Banerjee uses a striking metaphor to explain this emotional substitution:
"It's like that child who wants a toy. Mama doesn't have time, Papa doesn't have time, but this doll will always have time for me," she says.
In other words, limerence often fills a gap. It is less about connection and more about comfort.
She further compares it to dependency, "It is akin to a sort of addiction that people form to cope and numb the sense of loneliness they have."
Love expands your world. Limerence narrows it down to one person.
Why Limerence Can Become Unhealthy
The danger with limerence is not just emotional intensity. It is the control it begins to exert over your mental state.
"When your emotional state starts depending on whether someone texts back, notices you, or validates you, it can create a cycle of anxiety and emotional highs and lows," says Varada.
Banerjee takes it further, calling it a pattern rooted in deeper emotional wounds. She says, "When you are in a state of liminence, there is an active suggestion that somewhere your safety in relationships was robbed"
She explains that people may project unmet needs from past relationships onto a new person, expecting them to fulfil roles they never agreed to.
This leads to a painful loop, "You are emotionally parking yourself till they you know choose you instead of rejecting you."
Over time, this can result in emotional burnout, loss of self-awareness, and even physical stress responses.
The Core Symptoms Of Limerence
Limerence is not subtle once it takes hold. The signs tend to be repetitive and overwhelming.
Varada lists the most common patterns:
- Constantly thinking about the person
- Reading too much into small interactions
- Emotional highs when they respond and crashes when they do not
- Imagining a connection that may not actually exist
Banerjee adds deeper behavioural cues, "There is an idealisation and placing people on a pedestal, a lot of intrusive thoughts where you aren't able to focus."
She also points to a loss of authenticity, "You might be a very different person with your friend, but when you're with that person, there are parts of you that are performing."
Perhaps the simplest test she offers is this: "Have a conversation and see if you all are on the same page or just a delulu in your head sort of situation, or is it something that is actually being reciprocated."
If there is a clear gap between what you feel and what is actually happening, that gap is where limerence lives.
How To Stop Feeling This Way?
The uncomfortable truth is that limerence cannot simply be switched off. But it can be understood and managed.
"The first step is recognising the pattern," says Varada.
"Creating emotional distance, reconnecting with your own routines and relationships, and gently questioning the fantasy you have built around the person can help break the cycle," she adds.
Banerjee is more direct about the process:
"You can't stop limerence, you can address it. It takes time to unlearn that your body is doing something like this, but it is possible."

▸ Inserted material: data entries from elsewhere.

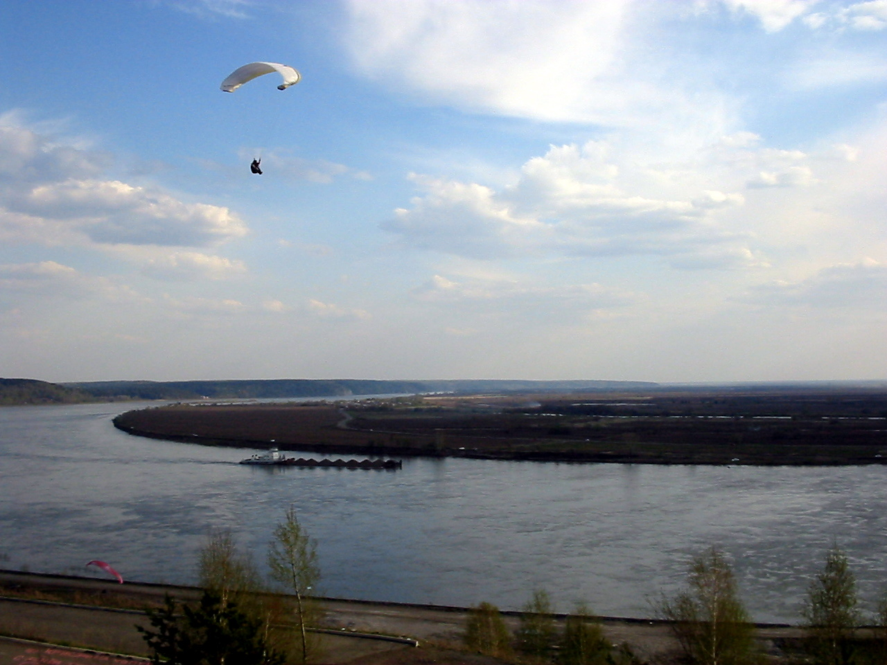 Tom River at Lagerny gardens, Tomsk
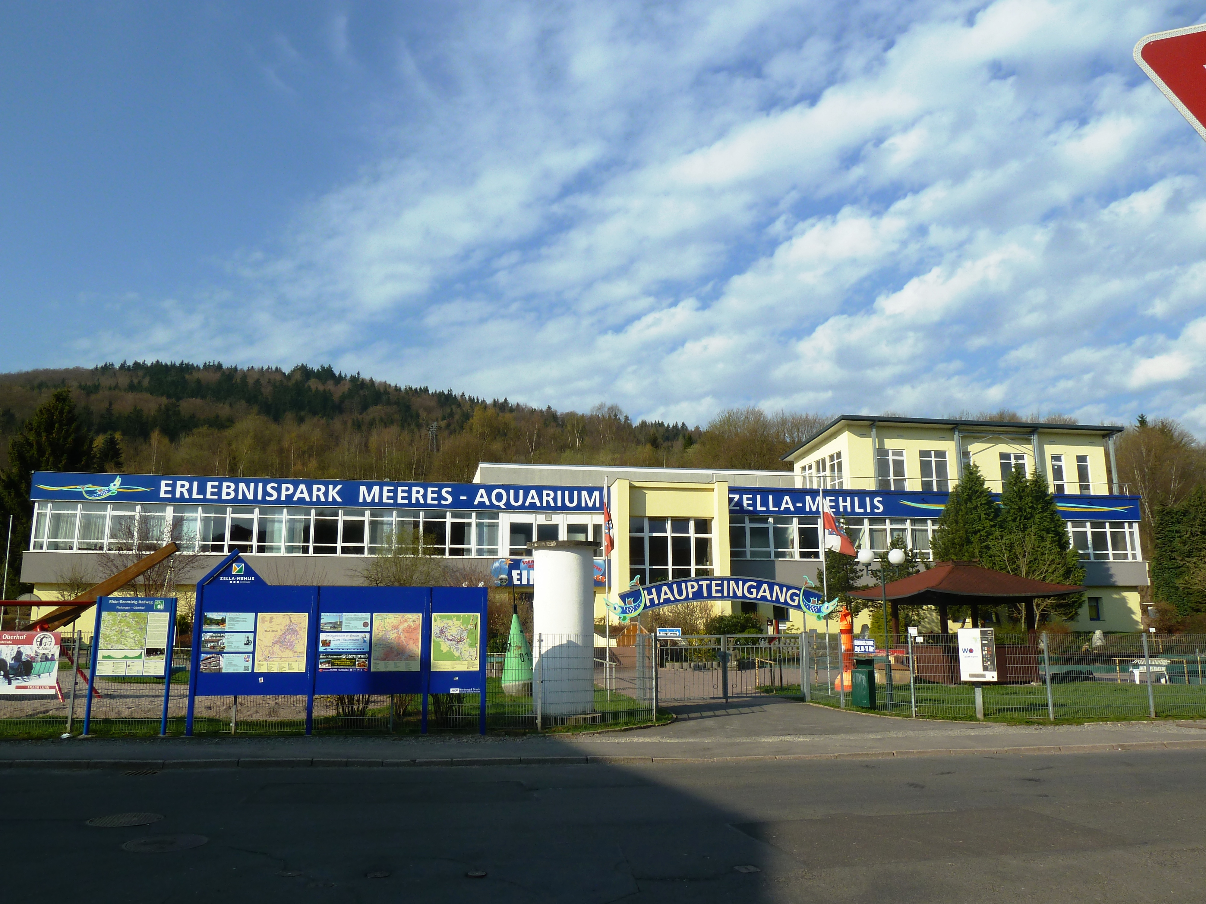 Aquarium Zella-Mehlis
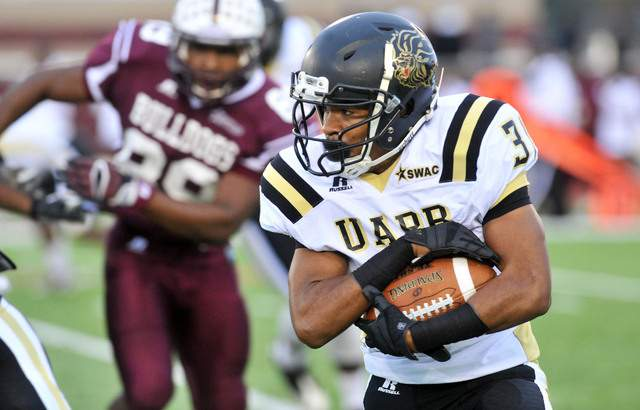 Andre Mitchell Uapb
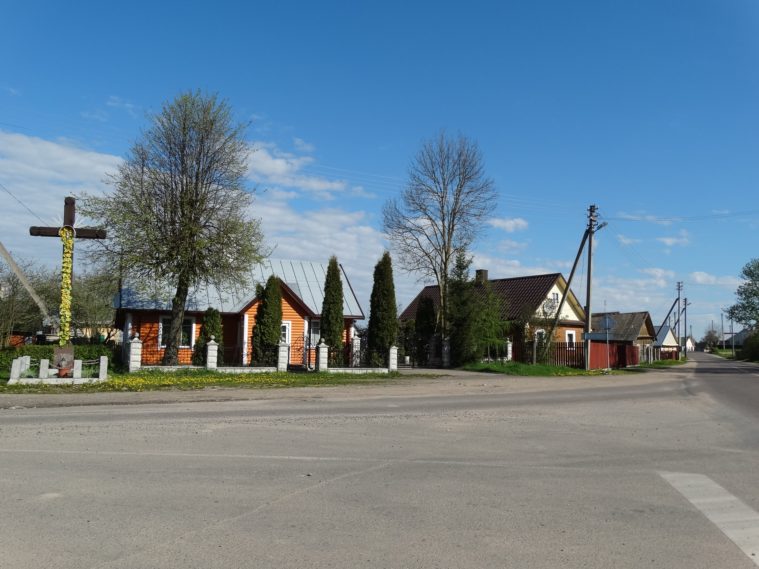 Butrimonys, Šalčininkai District, Lithuania

She strongly recommends seeking support, especially when it begins to affect daily life:
"Limerence is always indicative of some level of trauma. You need trauma-informed care, helping you find safety."
Even outside therapy, she suggests widening perspective:
"Do speak to people beyond your friend circle. Don't try to only understand it alone because it is a very lonely state..."
So, Is It Love Or Is It Limerence?
If it feels overwhelming, all-consuming, and dependent on small signals from the other person, it might not be love.
Love is mutual, steady, and rooted in reality. Limerence is intense, uncertain, and often built on imagination.